Could you repeat every record below exactly, leaving out the pictures?

> **Data extracted from a collection**
------------------------------------
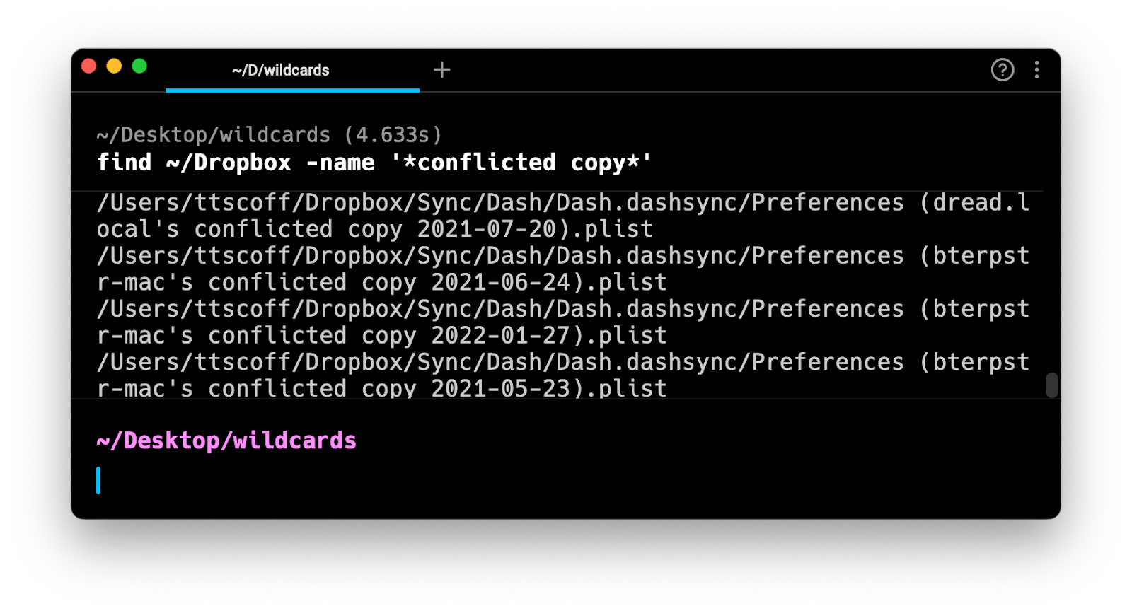 There are also square bracket operators in most shells (notably not Fish). These allow you to define a specific character set to match, e.g. myfile-[0-2].txt. That would match myfile-1.txt and myfile-2.txt, but not myfile-3.txt or myfile-10.txt. Square bracket operators can give you more granular matching than * or ?. Note that a square bracket expression can only match a single character; unlike regular expressions, there's no repeat operator. Square brackets can contain a list of individual characters that are matched, e.g. [adg] to match a, d, or g, or a range of numbers or letters to allow, specified with a hyphen between two characters. Matching is case-sensitive, so if you want to match any letter between a and z regardless of case, your expression would be [a-zA-Z]. To replicate the * operator but exclude any non-alphanumeric characters, use [a-zA-Z0-9].
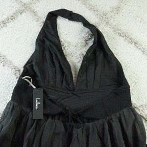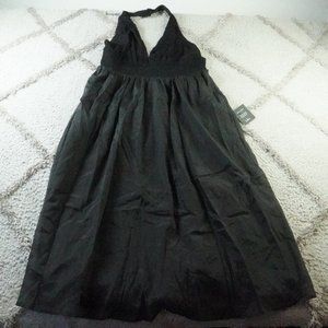 Lulus Delightful Drama Black Textured Halter Backless Midi Dress Womens XL
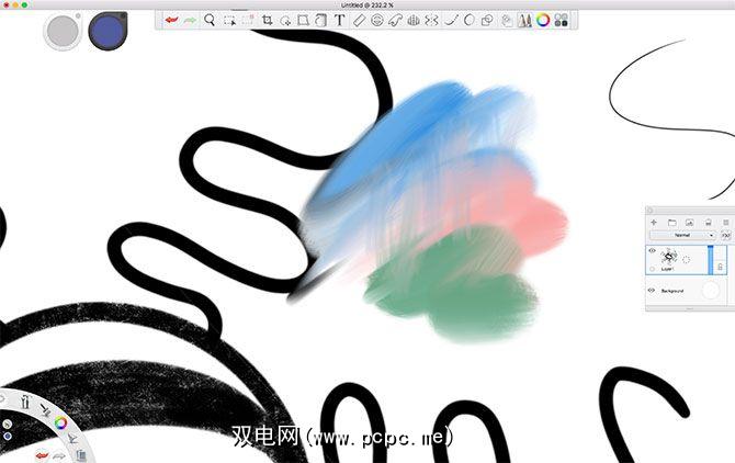 Autodesk SketchBook既涉及着色,也涉及绘图。如果画笔是正确的类型并且在同一层上,则画笔可以通过混合进行交互。它的工作原理就像您希望画笔能够工作一样,并添加了一些专为混合而设计的涂抹工具和无色画笔。
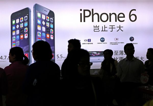 2014年10月17日,顾客在江西南昌的一家苹果授权经销店门口排队,等待购买iPhone6和iPhone6 Plus手机。 (新华社发)
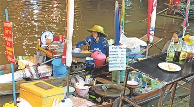夜功府的安帕瓦水上市场位于美攻河支流,每周五至周日开放,河道两侧分布着传统商铺,水面上停泊着售卖食品的小艇。图为一名泰国妇女(左)驾艇在市场上销售当地小吃。 黎清馨 摄
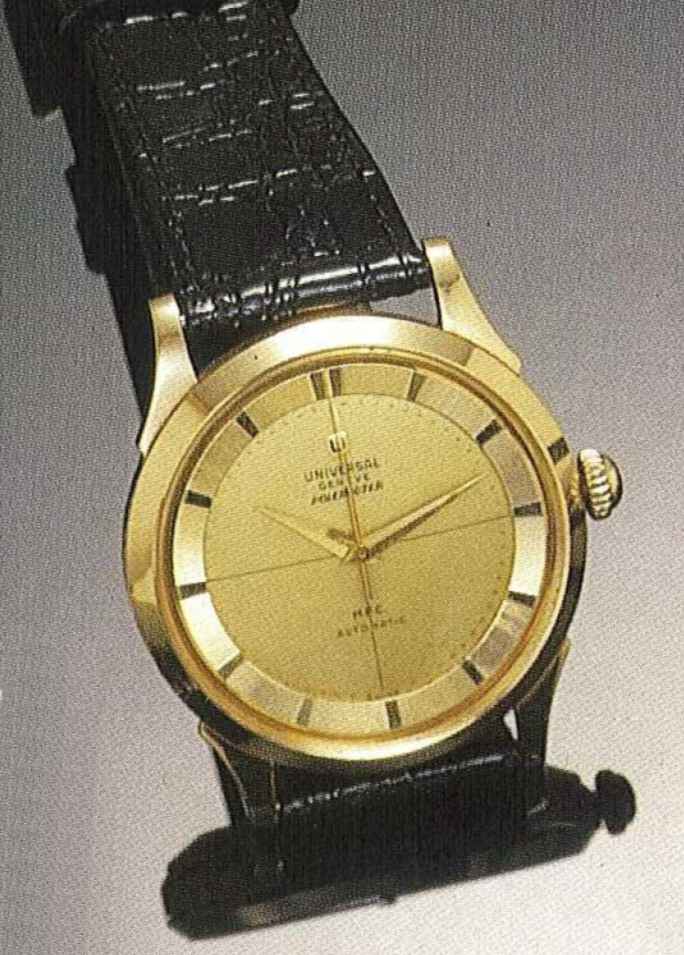 Universal Genève, "Polerouter H. P. C. Automatic", 1950's. Fine centre second, self-winding, 18 ct. gold gentleman's wristwatch.
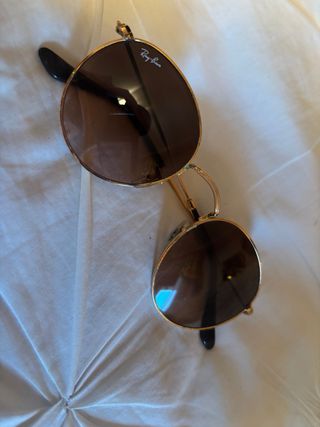 Gafas de sol con montura dorada y lentes marrones. Unisex Round Metal 50-21 Varios usos, sin defectos en la lente Lente clara en tonos degradados. - Diseño redondo. - Logo de Ray-Ban en la lente izquierda. 👓😎🥰
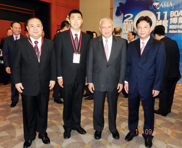 2011年9月15日由泰国华人青年商会协办的在香港举行的博鳌青年论坛上,李桂雄会长(左一),赵春森教授(右一)与全国政协副主席董建华(右二),全国青联副主席齐兴达(左二)合影
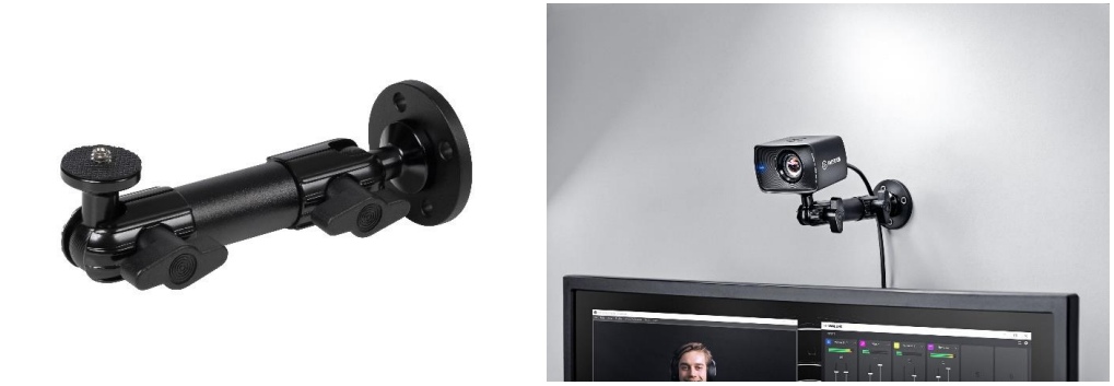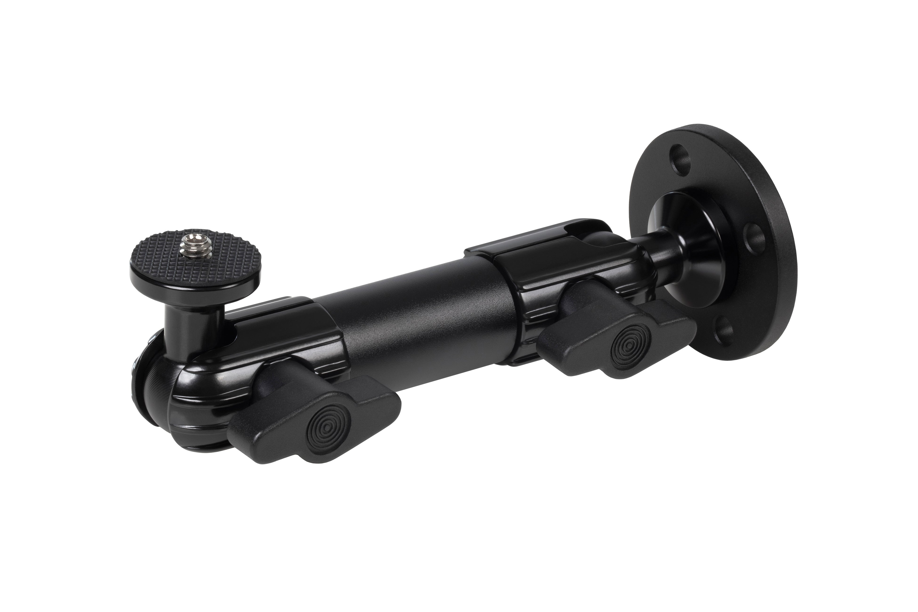 壁に設置するタイプのMulti Mountモジュラーリグ(壁取り付けアーム)。ボールヘッドとボールジョイントを組み合わせたポール設計と1/4インチネジ接続によりカメラや照明機材などを自在に取り付けることができます。
------------------------------------
> **PROBLEM SOLUTION**
 There are also square bracket operators in most shells (notably not Fish). These allow you to define a specific character set to match, e.g. myfile-[0-2].txt. That would match myfile-1.txt and myfile-2.txt, but not myfile-3.txt or myfile-10.txt. Square bracket operators can give you more granular matching than * or ?. Note that a square bracket expression can only match a single character; unlike regular expressions, there's no repeat operator. Square brackets can contain a list of individual characters that are matched, e.g. [adg] to match a, d, or g, or a range of numbers or letters to allow, specified with a hyphen between two characters. Matching is case-sensitive, so if you want to match any letter between a and z regardless of case, your expression would be [a-zA-Z]. To replicate the * operator but exclude any non-alphanumeric characters, use [a-zA-Z0-9].
 Lulus Delightful Drama Black Textured Halter Backless Midi Dress Womens XL
 Autodesk SketchBook既涉及着色,也涉及绘图。如果画笔是正确的类型并且在同一层上,则画笔可以通过混合进行交互。它的工作原理就像您希望画笔能够工作一样,并添加了一些专为混合而设计的涂抹工具和无色画笔。
 2014年10月17日,顾客在江西南昌的一家苹果授权经销店门口排队,等待购买iPhone6和iPhone6 Plus手机。 (新华社发)
夜功府的安帕瓦水上市场位于美攻河支流,每周五至周日开放,河道两侧分布着传统商铺,水面上停泊着售卖食品的小艇。图为一名泰国妇女(左)驾艇在市场上销售当地小吃。 黎清馨 摄
 Universal Genève, "Polerouter H. P. C. Automatic", 1950's. Fine centre second, self-winding, 18 ct. gold gentleman's wristwatch.
 Gafas de sol con montura dorada y lentes marrones. Unisex Round Metal 50-21 Varios usos, sin defectos en la lente Lente clara en tonos degradados. - Diseño redondo. - Logo de Ray-Ban en la lente izquierda. 👓😎🥰
 2011年9月15日由泰国华人青年商会协办的在香港举行的博鳌青年论坛上,李桂雄会长(左一),赵春森教授(右一)与全国政协副主席董建华(右二),全国青联副主席齐兴达(左二)合影
 壁に設置するタイプのMulti Mountモジュラーリグ(壁取り付けアーム)。ボールヘッドとボールジョイントを組み合わせたポール設計と1/4インチネジ接続によりカメラや照明機材などを自在に取り付けることができます。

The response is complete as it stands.